GM Will Consider a Hotter SS If the Demand Exists
General Motors’s division in the land down under — Holden — has been known to create some of the most beastly yet affordable cars for their relative performance. The Commodore, one of Holden’s large sedans, is what Americans will soon know as the SS — but while the 415 horsepower, V8-powered family friendly hauler will only be available in one trim here, Australians are currently enjoying 455 and 580 horsepower versions.
So why not bring those here, as well?
That’s the big question that General Motors has seemingly been grappling with as it prepares to launch the SS in showrooms. While it would only seem like a natural progression, there’s one glaring problem standing in the way: high-performance, full-size sedans have never really been America’s thing — at least not like they are in Europe or Australia, apparently.
The release of the SS is therefore a sort of renewed experiment to take the temperature of the current American auto climate. It’s also a continued effort that was started by the Pontiac G8 GXP, before the brand was snuffed out mid-financial crisis.
“People say all the time, ‘Why don’t we have a six-speed manual? Why just one engine?’” said Chevrolet Performance Cars Marketing Manager John Fitzpatrick at the recent SEMA show in Las Vegas. Buyers of the SS have the option of one of five colors, a sunroof, and a full-size spare tire. Everything else is static, including the six-speed automatic transmission and a 415 horsepower, 6.2-liter V8 engine.
It was after the Pontiac G8 failed to meet its expected sales goal of 30,000 annual units that Chevrolet had to do some heavy re-evaluating of the American hot-sedan scene. For the SS, Chevrolet is aiming for 2,000 to 3,000 sales per year.
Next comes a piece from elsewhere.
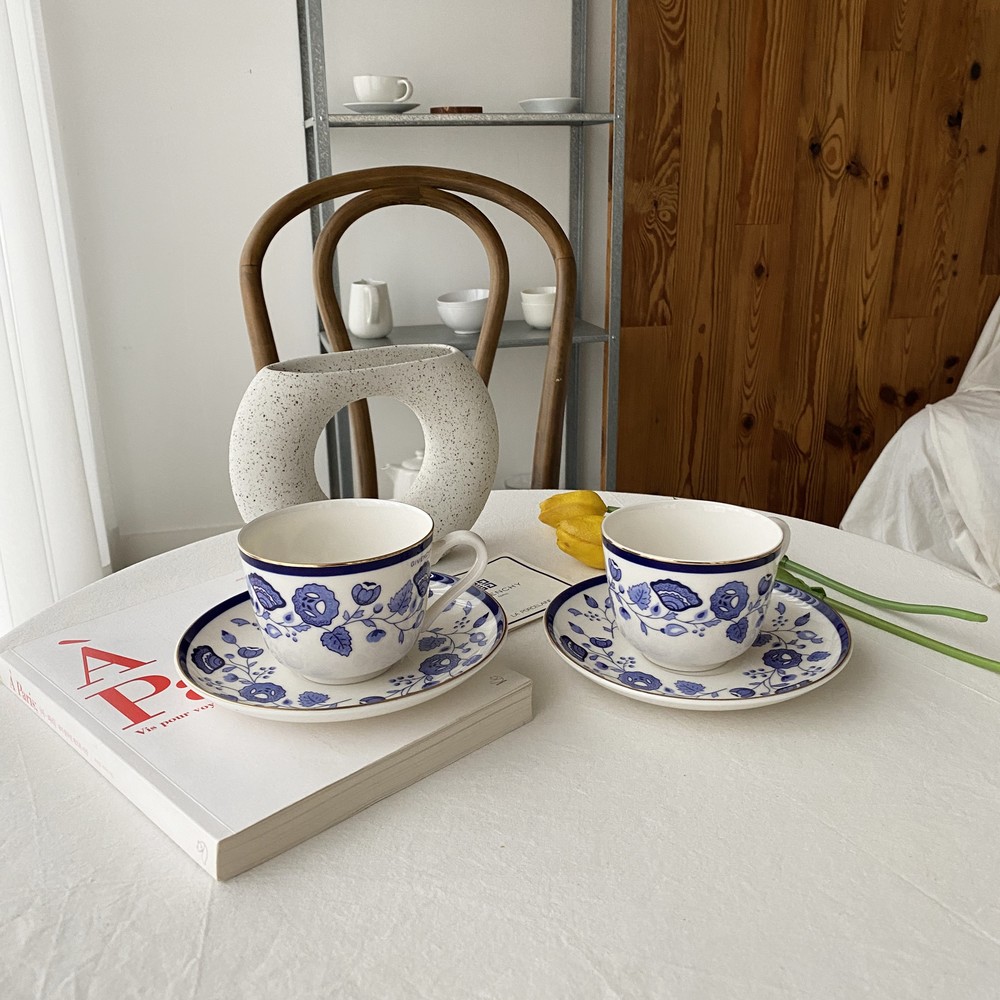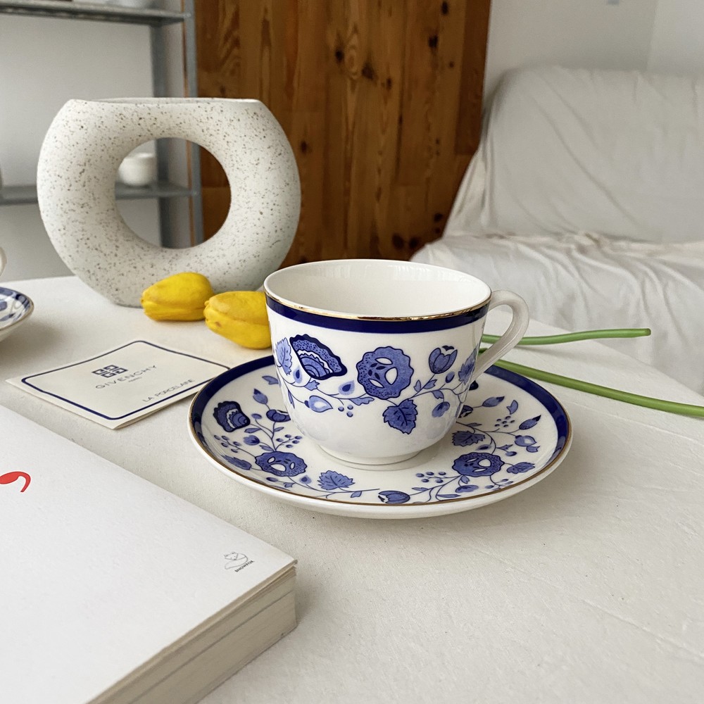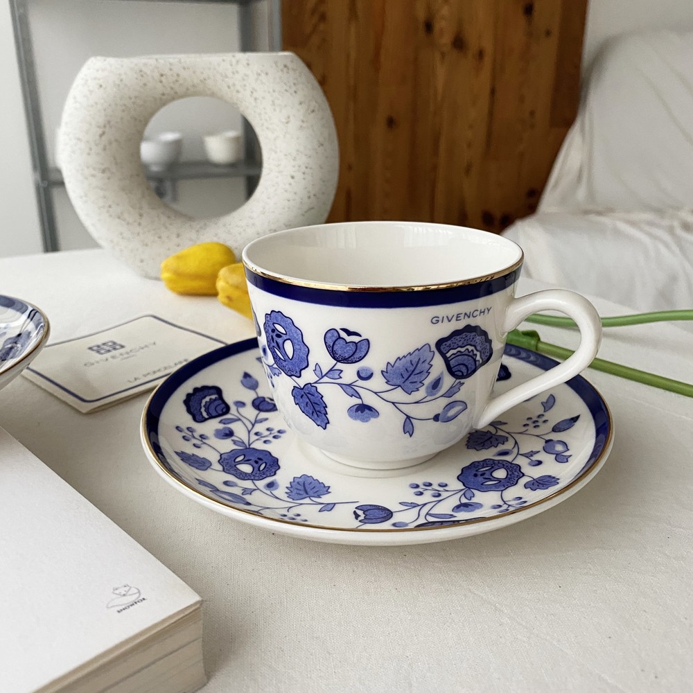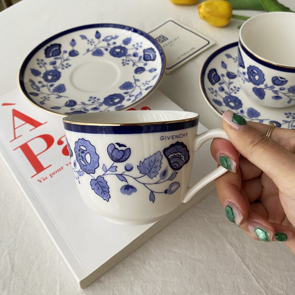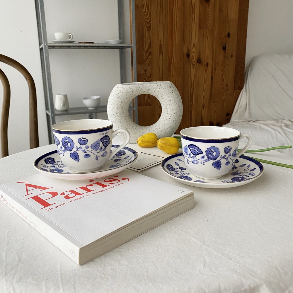 아름다운 코발트 블루의 꽃, 나뭇잎들을 포슬린 기법으로 그려넣은 빈티지 지방시 찻잔입니다.

However, should the SS — which runs in the $45,000 ballpark — meet those revised numbers, Fitzpatrick said that Chevrolet would definitely be interested in at least looking into bringing over the manual transmission and more powerful versions. Additionally, General Motors wanted to keep variations down to keep profits up, at least initially, and the company says shipping constraints have limited the numbers currently entering the United States, Automotive.com reports.